◆ **Your instructions**: Every record below should be written out exactly; pictures stay out.

◆ **Provided data**:
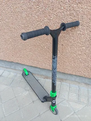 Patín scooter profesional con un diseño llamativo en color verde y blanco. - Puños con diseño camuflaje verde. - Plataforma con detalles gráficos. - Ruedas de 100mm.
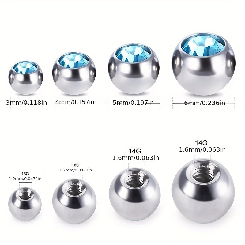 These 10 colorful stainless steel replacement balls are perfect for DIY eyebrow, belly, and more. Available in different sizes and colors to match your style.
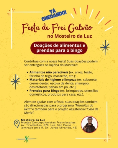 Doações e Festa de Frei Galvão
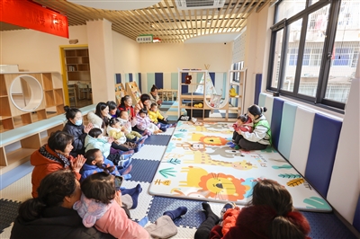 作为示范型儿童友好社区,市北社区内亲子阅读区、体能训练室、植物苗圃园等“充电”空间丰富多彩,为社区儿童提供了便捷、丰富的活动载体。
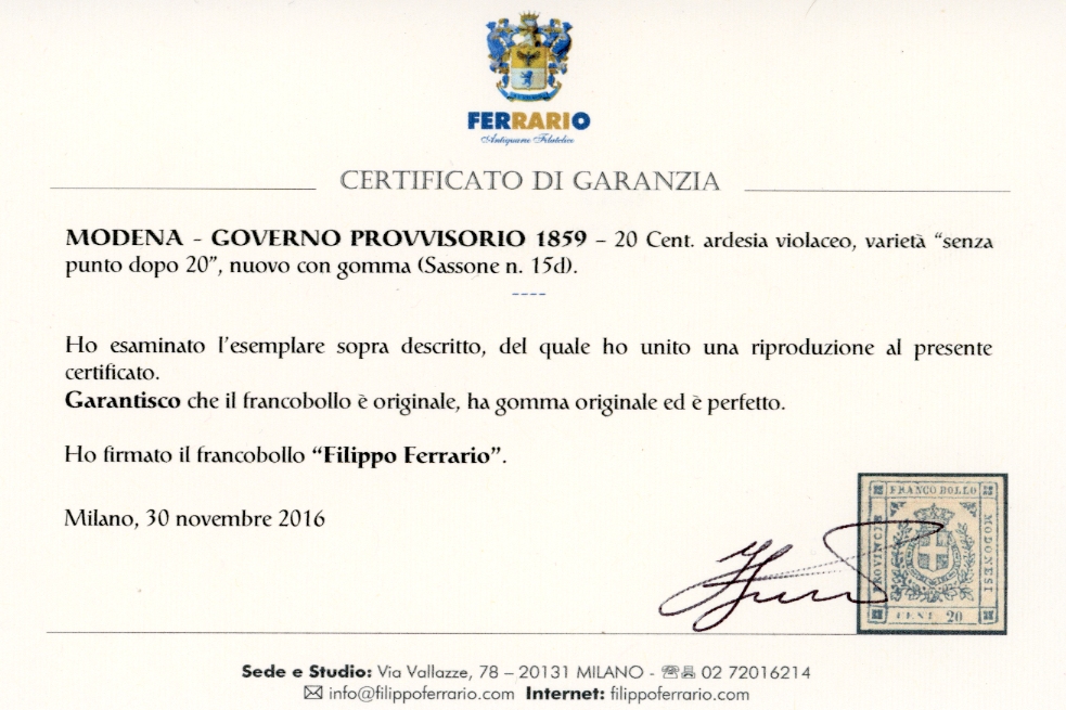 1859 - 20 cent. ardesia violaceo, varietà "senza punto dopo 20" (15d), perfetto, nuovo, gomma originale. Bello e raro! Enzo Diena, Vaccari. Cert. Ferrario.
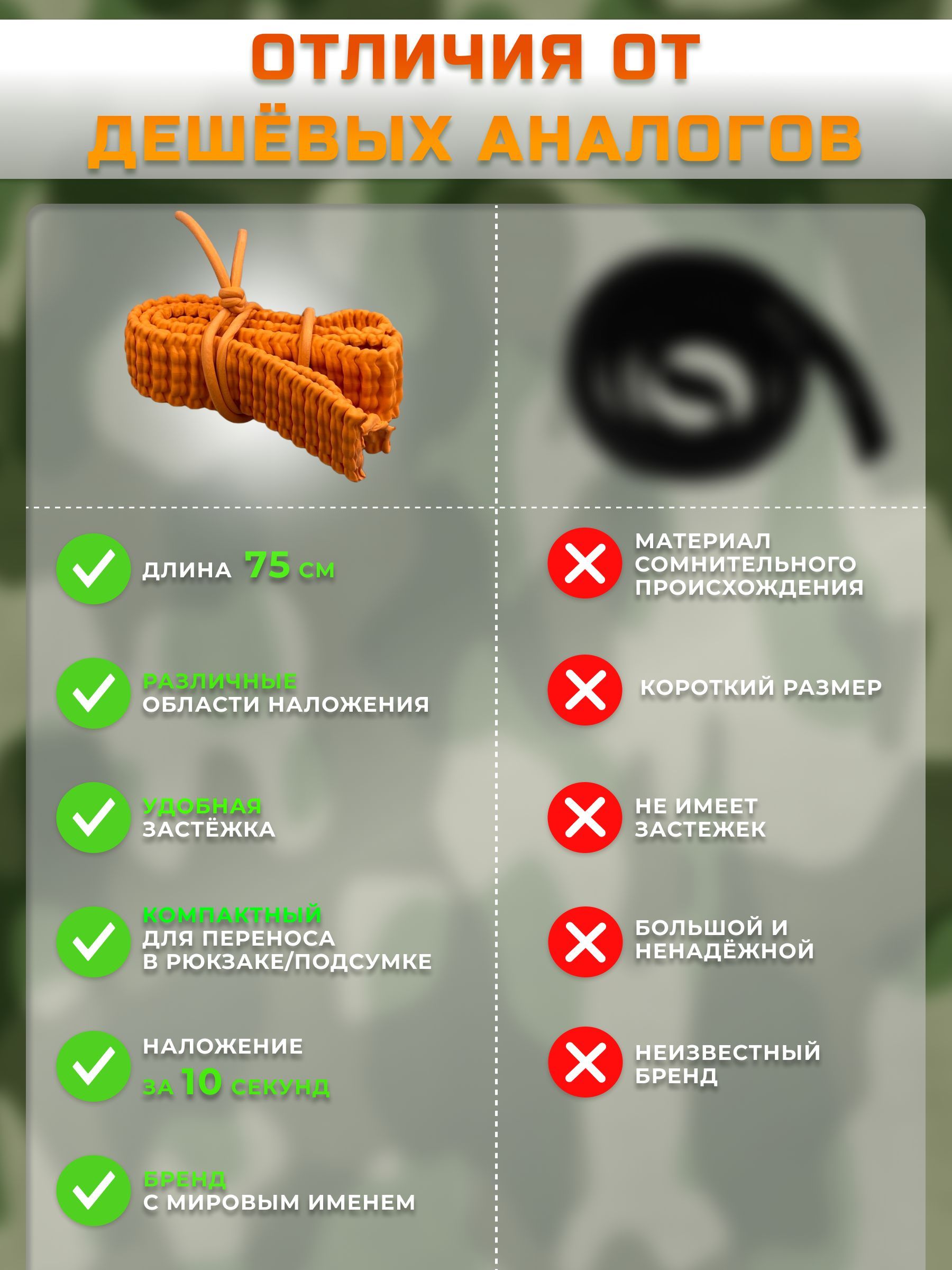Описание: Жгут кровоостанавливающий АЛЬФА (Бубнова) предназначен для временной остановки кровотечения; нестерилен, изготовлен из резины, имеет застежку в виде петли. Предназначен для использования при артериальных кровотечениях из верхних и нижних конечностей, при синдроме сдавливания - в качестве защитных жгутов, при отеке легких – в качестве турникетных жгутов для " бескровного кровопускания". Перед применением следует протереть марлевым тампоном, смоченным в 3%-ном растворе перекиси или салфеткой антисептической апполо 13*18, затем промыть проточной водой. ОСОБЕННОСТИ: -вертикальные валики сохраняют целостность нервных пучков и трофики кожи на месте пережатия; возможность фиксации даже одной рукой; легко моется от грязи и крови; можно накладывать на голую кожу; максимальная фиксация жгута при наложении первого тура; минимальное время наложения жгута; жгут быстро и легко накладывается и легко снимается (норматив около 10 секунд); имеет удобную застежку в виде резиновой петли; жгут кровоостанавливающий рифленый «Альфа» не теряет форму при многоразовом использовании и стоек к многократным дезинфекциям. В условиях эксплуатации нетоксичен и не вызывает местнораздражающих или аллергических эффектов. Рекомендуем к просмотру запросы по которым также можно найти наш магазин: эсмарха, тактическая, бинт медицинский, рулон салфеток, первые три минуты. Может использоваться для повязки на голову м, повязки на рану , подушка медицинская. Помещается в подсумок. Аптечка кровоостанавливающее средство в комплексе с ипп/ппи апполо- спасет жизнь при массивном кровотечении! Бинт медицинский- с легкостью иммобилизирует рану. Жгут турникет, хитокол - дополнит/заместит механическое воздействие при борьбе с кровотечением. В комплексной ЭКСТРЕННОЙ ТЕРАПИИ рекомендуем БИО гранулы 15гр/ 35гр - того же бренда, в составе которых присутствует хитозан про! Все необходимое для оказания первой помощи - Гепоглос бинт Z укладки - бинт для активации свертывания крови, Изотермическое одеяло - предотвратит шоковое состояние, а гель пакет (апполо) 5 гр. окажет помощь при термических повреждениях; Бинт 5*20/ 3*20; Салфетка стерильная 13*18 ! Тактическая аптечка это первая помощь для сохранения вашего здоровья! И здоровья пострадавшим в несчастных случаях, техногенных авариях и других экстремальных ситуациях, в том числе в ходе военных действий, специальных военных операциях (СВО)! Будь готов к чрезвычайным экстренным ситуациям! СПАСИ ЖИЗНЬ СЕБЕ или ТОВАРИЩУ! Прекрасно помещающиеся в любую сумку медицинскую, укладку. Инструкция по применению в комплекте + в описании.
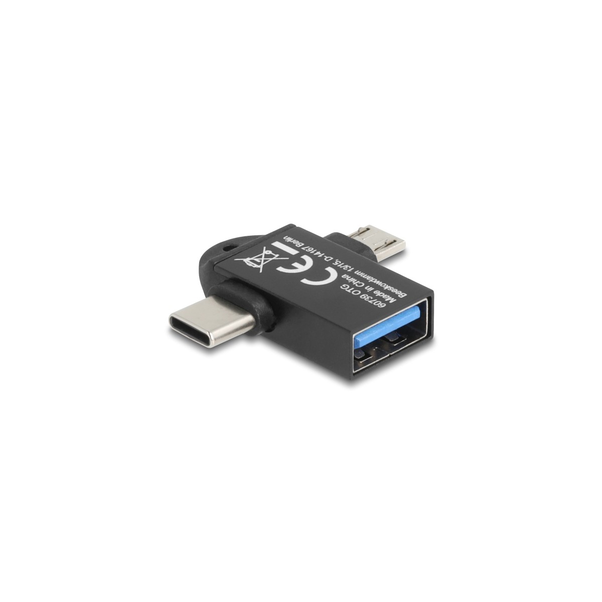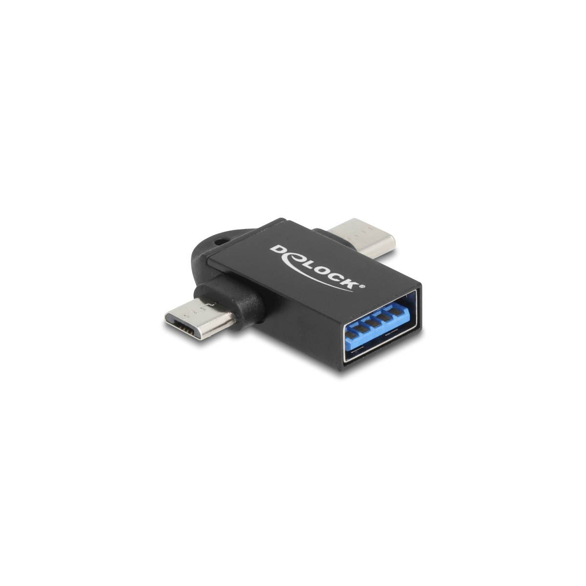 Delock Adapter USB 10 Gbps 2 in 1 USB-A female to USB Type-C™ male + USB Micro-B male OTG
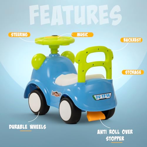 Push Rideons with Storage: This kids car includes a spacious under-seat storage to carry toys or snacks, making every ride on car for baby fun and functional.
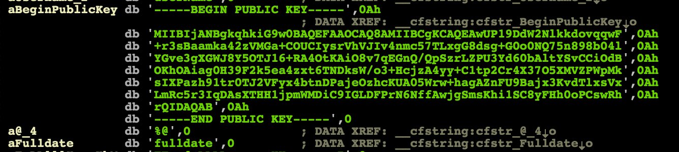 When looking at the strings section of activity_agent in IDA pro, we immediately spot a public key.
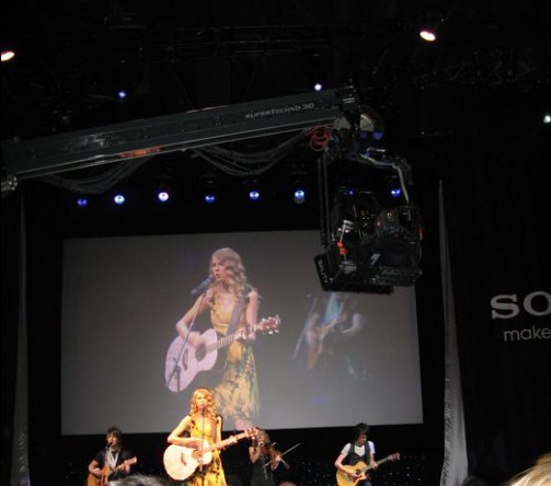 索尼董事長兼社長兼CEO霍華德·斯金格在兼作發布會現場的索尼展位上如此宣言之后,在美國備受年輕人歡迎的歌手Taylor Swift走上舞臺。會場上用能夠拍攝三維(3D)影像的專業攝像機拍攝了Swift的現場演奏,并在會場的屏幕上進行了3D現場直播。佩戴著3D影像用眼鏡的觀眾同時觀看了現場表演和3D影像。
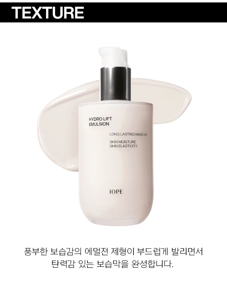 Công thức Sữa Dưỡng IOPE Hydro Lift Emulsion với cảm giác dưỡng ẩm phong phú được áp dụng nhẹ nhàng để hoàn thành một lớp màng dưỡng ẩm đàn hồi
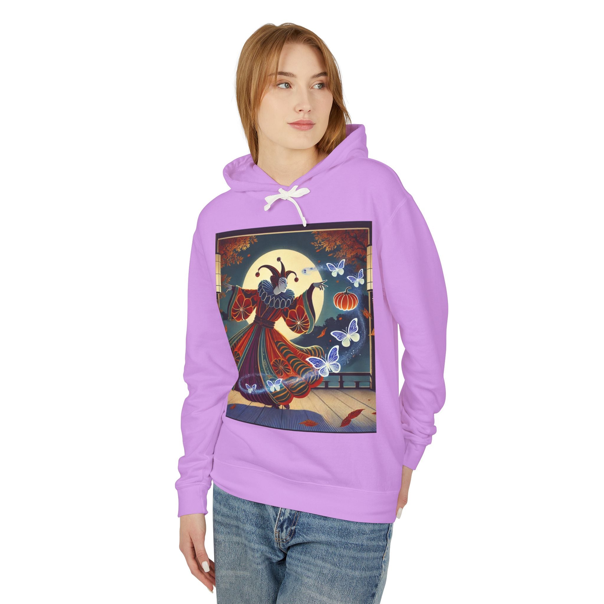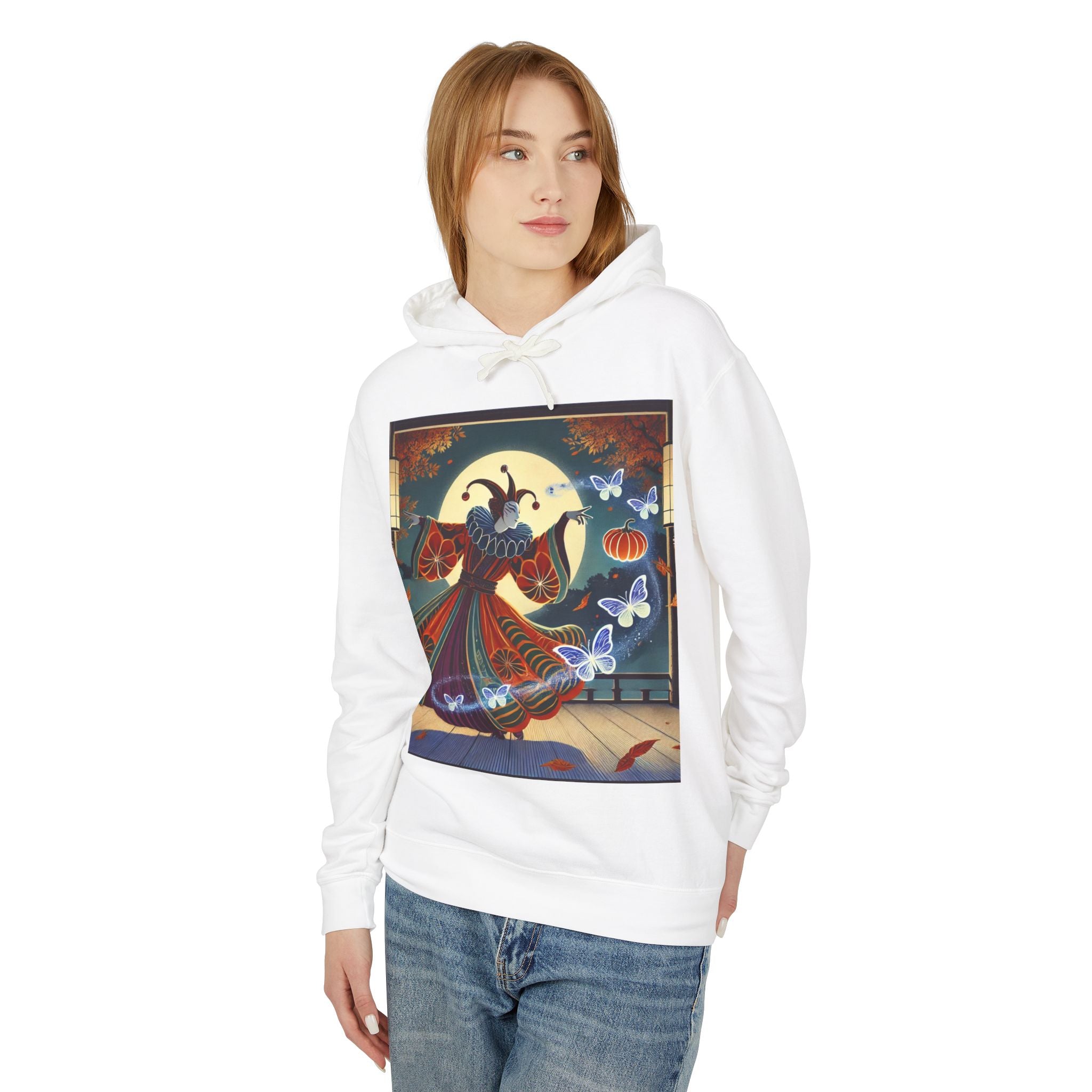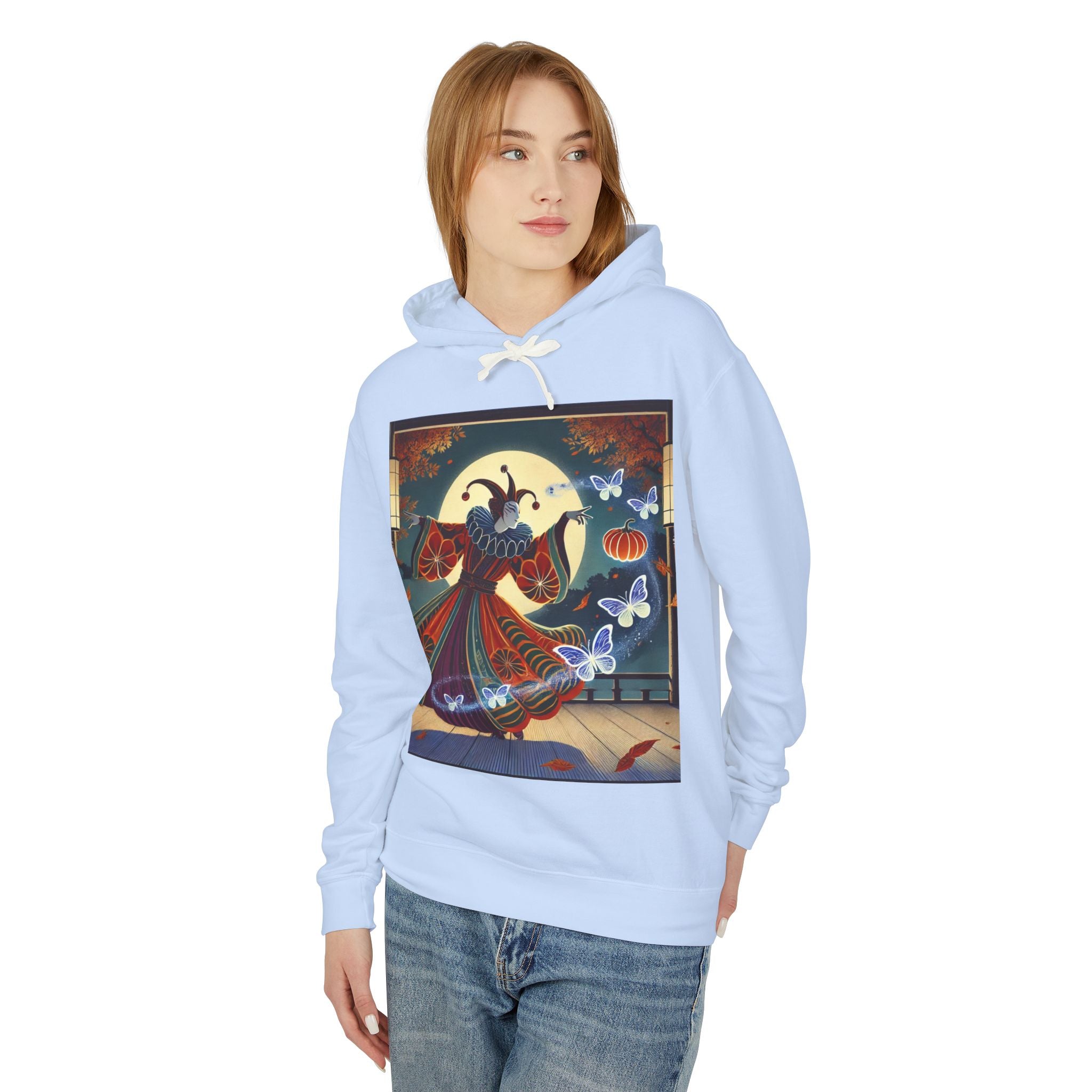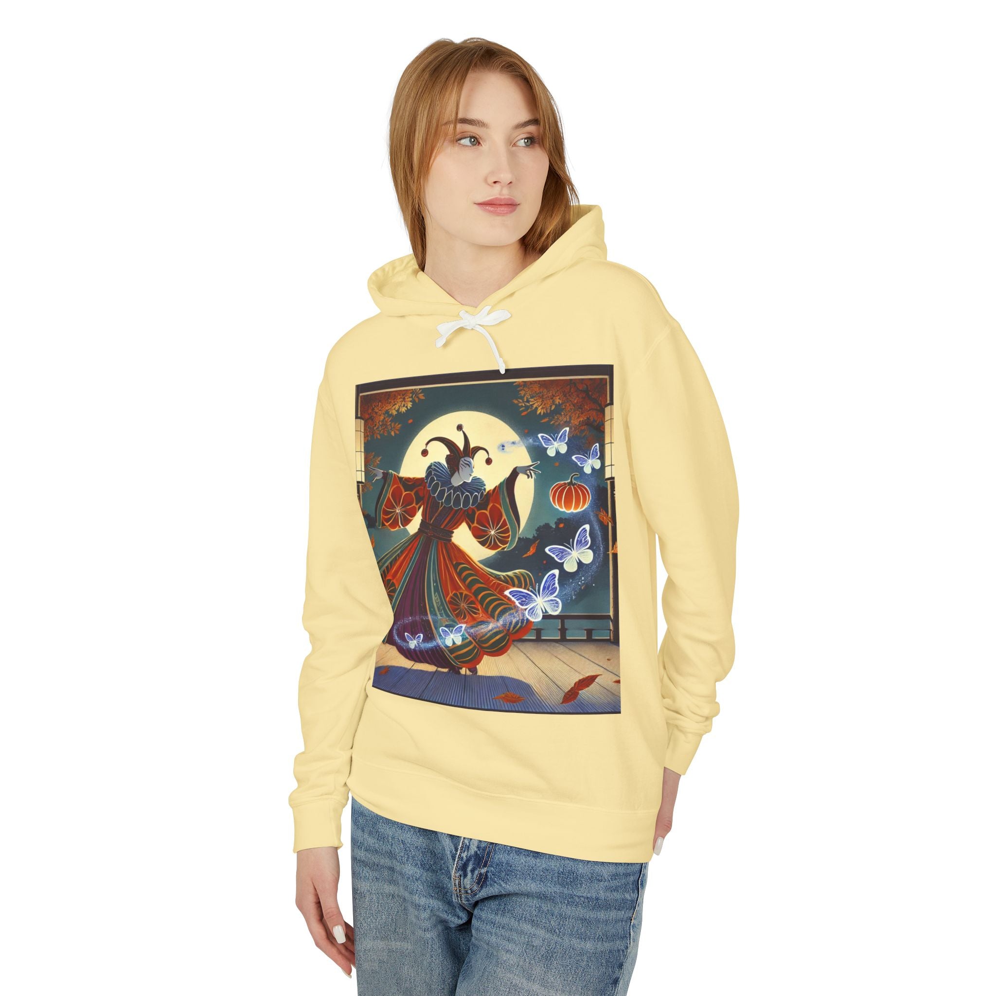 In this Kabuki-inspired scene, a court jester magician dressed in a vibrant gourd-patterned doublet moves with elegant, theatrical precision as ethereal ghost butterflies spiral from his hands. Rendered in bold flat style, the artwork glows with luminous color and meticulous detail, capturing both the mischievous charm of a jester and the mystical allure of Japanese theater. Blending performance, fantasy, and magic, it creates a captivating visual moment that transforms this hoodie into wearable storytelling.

◆ **Answer section**:
 Patín scooter profesional con un diseño llamativo en color verde y blanco. - Puños con diseño camuflaje verde. - Plataforma con detalles gráficos. - Ruedas de 100mm.
 These 10 colorful stainless steel replacement balls are perfect for DIY eyebrow, belly, and more. Available in different sizes and colors to match your style.
 Doações e Festa de Frei Galvão
 作为示范型儿童友好社区,市北社区内亲子阅读区、体能训练室、植物苗圃园等“充电”空间丰富多彩,为社区儿童提供了便捷、丰富的活动载体。
 1859 - 20 cent. ardesia violaceo, varietà "senza punto dopo 20" (15d), perfetto, nuovo, gomma originale. Bello e raro! Enzo Diena, Vaccari. Cert. Ferrario.
Описание: Жгут кровоостанавливающий АЛЬФА (Бубнова) предназначен для временной остановки кровотечения; нестерилен, изготовлен из резины, имеет застежку в виде петли. Предназначен для использования при артериальных кровотечениях из верхних и нижних конечностей, при синдроме сдавливания - в качестве защитных жгутов, при отеке легких – в качестве турникетных жгутов для " бескровного кровопускания". Перед применением следует протереть марлевым тампоном, смоченным в 3%-ном растворе перекиси или салфеткой антисептической апполо 13*18, затем промыть проточной водой. ОСОБЕННОСТИ: -вертикальные валики сохраняют целостность нервных пучков и трофики кожи на месте пережатия; возможность фиксации даже одной рукой; легко моется от грязи и крови; можно накладывать на голую кожу; максимальная фиксация жгута при наложении первого тура; минимальное время наложения жгута; жгут быстро и легко накладывается и легко снимается (норматив около 10 секунд); имеет удобную застежку в виде резиновой петли; жгут кровоостанавливающий рифленый «Альфа» не теряет форму при многоразовом использовании и стоек к многократным дезинфекциям. В условиях эксплуатации нетоксичен и не вызывает местнораздражающих или аллергических эффектов. Рекомендуем к просмотру запросы по которым также можно найти наш магазин: эсмарха, тактическая, бинт медицинский, рулон салфеток, первые три минуты. Может использоваться для повязки на голову м, повязки на рану , подушка медицинская. Помещается в подсумок. Аптечка кровоостанавливающее средство в комплексе с ипп/ппи апполо- спасет жизнь при массивном кровотечении! Бинт медицинский- с легкостью иммобилизирует рану. Жгут турникет, хитокол - дополнит/заместит механическое воздействие при борьбе с кровотечением. В комплексной ЭКСТРЕННОЙ ТЕРАПИИ рекомендуем БИО гранулы 15гр/ 35гр - того же бренда, в составе которых присутствует хитозан про! Все необходимое для оказания первой помощи - Гепоглос бинт Z укладки - бинт для активации свертывания крови, Изотермическое одеяло - предотвратит шоковое состояние, а гель пакет (апполо) 5 гр. окажет помощь при термических повреждениях; Бинт 5*20/ 3*20; Салфетка стерильная 13*18 ! Тактическая аптечка это первая помощь для сохранения вашего здоровья! И здоровья пострадавшим в несчастных случаях, техногенных авариях и других экстремальных ситуациях, в том числе в ходе военных действий, специальных военных операциях (СВО)! Будь готов к чрезвычайным экстренным ситуациям! СПАСИ ЖИЗНЬ СЕБЕ или ТОВАРИЩУ! Прекрасно помещающиеся в любую сумку медицинскую, укладку. Инструкция по применению в комплекте + в описании.
 Delock Adapter USB 10 Gbps 2 in 1 USB-A female to USB Type-C™ male + USB Micro-B male OTG
 Push Rideons with Storage: This kids car includes a spacious under-seat storage to carry toys or snacks, making every ride on car for baby fun and functional.
 When looking at the strings section of activity_agent in IDA pro, we immediately spot a public key.
 索尼董事長兼社長兼CEO霍華德·斯金格在兼作發布會現場的索尼展位上如此宣言之后,在美國備受年輕人歡迎的歌手Taylor Swift走上舞臺。會場上用能夠拍攝三維(3D)影像的專業攝像機拍攝了Swift的現場演奏,并在會場的屏幕上進行了3D現場直播。佩戴著3D影像用眼鏡的觀眾同時觀看了現場表演和3D影像。
 Công thức Sữa Dưỡng IOPE Hydro Lift Emulsion với cảm giác dưỡng ẩm phong phú được áp dụng nhẹ nhàng để hoàn thành một lớp màng dưỡng ẩm đàn hồi
 In this Kabuki-inspired scene, a court jester magician dressed in a vibrant gourd-patterned doublet moves with elegant, theatrical precision as ethereal ghost butterflies spiral from his hands. Rendered in bold flat style, the artwork glows with luminous color and meticulous detail, capturing both the mischievous charm of a jester and the mystical allure of Japanese theater. Blending performance, fantasy, and magic, it creates a captivating visual moment that transforms this hoodie into wearable storytelling.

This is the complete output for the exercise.